A. Free speech is counterintuitive—you’re not born believing in free speech. As a First Amendment expert, my view is that every single generation has to relearn free speech. It’s only after a society has considered the alternatives, thought about the roles of censorship, developed notions of the people being the sovereign rather than the government—these are things we think of as somewhat elementary, learned after civilization experiences horrible things and then tries to correct them. I always see anti-free speech, that’s my line of work. But there’s no doubt that the trends around the world are going in the wrong direction, including here in the U.S. We’ve experienced earlier eras of intolerance for dissent and threats to free expression, but the kinds of presidential attacks on journalists as “enemies of the people,” the relentless claims of “fake news” and disturbing online intimidation of individual journalists are an alarming abandonment of the foundations of public discourse.

Q. One area where universities themselves have been criticized is in not wanting to hear speakers whose views may be controversial or unpopular. What is the remedy for that? 

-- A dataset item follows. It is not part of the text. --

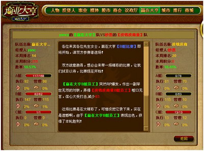 在“赢在大亨挑战赛”里, 基本规则是:员工的属性里面有“执行”、“管理”、“信心”,比赛的时候,员工的执行就是攻击力,管理就是防御力,而信心相当于血量。在比赛中,哪一方的信心先为0时,则比赛落败。

A. Universities can always improve their performance in many areas. Some universities make the basic mistake of not upholding the principle of academic freedom. They can fail that principle in many ways, but one is by inviting somebody to receive an honorary degree and then withdrawing it under pressure from one group or another. Then there are all the examples of speakers whose messages may have been deeply offensive to some and they were not allowed to speak. I think that’s a minority of universities and students, but it’s been elevated to a trope that the next generation wants to be protected against offensive speech. I find there’s tremendous interest among our students about issues of freedom of speech and press. It’s a complicated subject, and people must remember that the jurisprudence isn’t even 100 years old. There were no cases before 1919. The American model of free speech really only dates to cases in the 1950s and ‘60s, mostly ‘60s, ‘70s. If I ever worried that I would be in a field that might become outdated, that was a huge mistake on my part. Every single year of my life has been a banner year for concerns about free speech.

Q. You have called for a new initiative called Columbia World Projects. What is the impetus behind that, and how will it fulfill its mission?

A. It’s never been more clear that there’s a need in the world, and within universities, for our intellectual life to have greater opportunities to work on the major issues and problems of our society beyond our normal academic work and research. The Columbia World Projects will do that, working with outside partners on real solutions within specific time periods. Columbia has a history of responding to world needs, and many of our faculty have long been engaged in problem-solving and policy-making outside our campus. Columbia discoveries across disciplines in applied science and technology benefit society and the University. It’s still early to talk about the specifics, but the goal of Columbia World Projects is to establish a dedicated structure for supporting this kind of problem-solving work by faculty and students in a far more systemic way. You can take every one of the broad initiatives of the University, and say each has been touched by the need to expand knowledge and educate the next generation, but also to do it in a way that responds to society’s problems.